LES PERLES D'ANANDA
Rendre au monde sa candeur
AUJOURD'HUI, LA « méditation du sourire intérieur » est une pratique dite d'origine taoïste, réputée pour améliorer et maintenir la santé. Le taoïsme, courant de pensée très hétérogène, s'est développé en Chine pendant 2 500 ans. Son père fondateur serait l'auteur mythique du Livre de la Voie, Lao-tseu. Le mot Tseu signifie « maître », mais en réalité, son idéogramme désigne un enfant, les bras tendus vers le ciel. On pourrait donc traduire Lao-tseu comme « le Vieil-enfant ». Et quoi de plus saisissant que le sourire d'un enfant ? Quoi de plus lumineux que les yeux finement plissés d'une vielle personne qui sourit ? Le sourire recèlerait certaines des vertus si elliptiquement suggérées dans le Livre de la Voie.
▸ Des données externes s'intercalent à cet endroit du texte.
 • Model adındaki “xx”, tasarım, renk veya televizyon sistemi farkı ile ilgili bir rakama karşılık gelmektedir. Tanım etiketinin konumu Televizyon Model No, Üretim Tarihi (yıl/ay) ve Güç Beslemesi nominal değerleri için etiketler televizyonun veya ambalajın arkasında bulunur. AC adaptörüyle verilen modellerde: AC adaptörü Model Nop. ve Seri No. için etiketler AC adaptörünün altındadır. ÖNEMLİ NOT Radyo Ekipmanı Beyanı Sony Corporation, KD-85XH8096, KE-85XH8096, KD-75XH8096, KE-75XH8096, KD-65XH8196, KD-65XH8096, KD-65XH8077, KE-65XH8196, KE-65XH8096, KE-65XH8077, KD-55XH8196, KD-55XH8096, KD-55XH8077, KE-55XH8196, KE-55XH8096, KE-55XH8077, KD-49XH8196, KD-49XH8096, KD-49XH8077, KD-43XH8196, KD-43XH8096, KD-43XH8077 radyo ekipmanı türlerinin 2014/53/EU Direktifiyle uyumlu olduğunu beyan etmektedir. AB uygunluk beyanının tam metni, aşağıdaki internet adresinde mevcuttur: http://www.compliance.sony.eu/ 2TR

Une ouverture confiante et résolue dans la vie chez l'enfant, la bravoure et le courage empreints d'indulgence et de compassion chez le vieillard. Un maître taoïste serait censé réunir ces qualités.
On dit aussi que le Zen, mouvement spirituel apparu en Chine et très influencé par le taoïsme, prit sa source dans un sourire. Un jour où Bouddha se tenait dans une assemblée de moines, il s'arrêta soudainement de parler et éleva une fleur entre ses doigts. Devant une assistance perplexe, l'un des disciples, nommé Maha Kasyapa, répondit par un sourire. En souriant, Maha Kasyapa fît entendre le silence et incita les naïfs et les cyniques à prêter oreille. Il devint alors le patriarche du zen, car en souriant, il fut le seul à exprimer sa compréhension profonde de l'essence de l'enseignement du Bouddha.
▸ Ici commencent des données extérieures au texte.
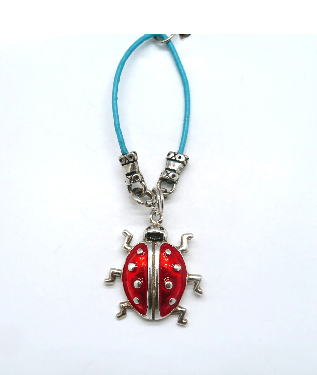 Sterling silver hand enamel ladybug charm on turquoise color leather KooLoop approximately 3" with sterling components. KooLoops are perfect to put on a purse, a zipper pull, a bookbag. The removable charm can be added to a chain or a charm bracelet. The leather loop opens like a necklace with the spring ring clasp.

Cette sagesse riante, connaissance directe et intuitive au-delà des mots, est magnifiquement saisie dans la statuaire bouddhique par le « Sourire du Bouddha d'angkor » 1. Acmé de la finesse de l'iconographie parue au Cambodge à la fin du xe siècle chez les sculpteurs khmers, il illustre un célèbre épisode de la vie du Bouddha. Selon la légende, le Bouddha était assis sous un arbre, profondément absorbé dans sa méditation, lorsqu'un fort orage éclata. Les eaux commencèrent à monter violemment risquant de l'engloutir. Le roi des serpents, le cobra Mucilinda, sortit alors du lac et avec ses sept capuchons déployés en éventail abrita le Bouddha de la pluie. Malgré la tempête, le visage du Bouddha demeura magnifiquement doux et paisible, ses lèvres esquissant un énigmatique sourire, serein et délicat. Émergeant d'une profondeur abyssale, son sourire envoute et fascine. Il nous fait plonger au coeur de la vie et semble vouloir nous dire : « ne cherchez pas ailleurs ce qui est déjà en vous ». Sourire revient alors à ouvrir des possibilités dans une insouciance et une passivité fécondes. Sourire nous aide ainsi à accepter aussi bien notre complexité que celle d'autrui et à rendre enfin au monde sa candeur.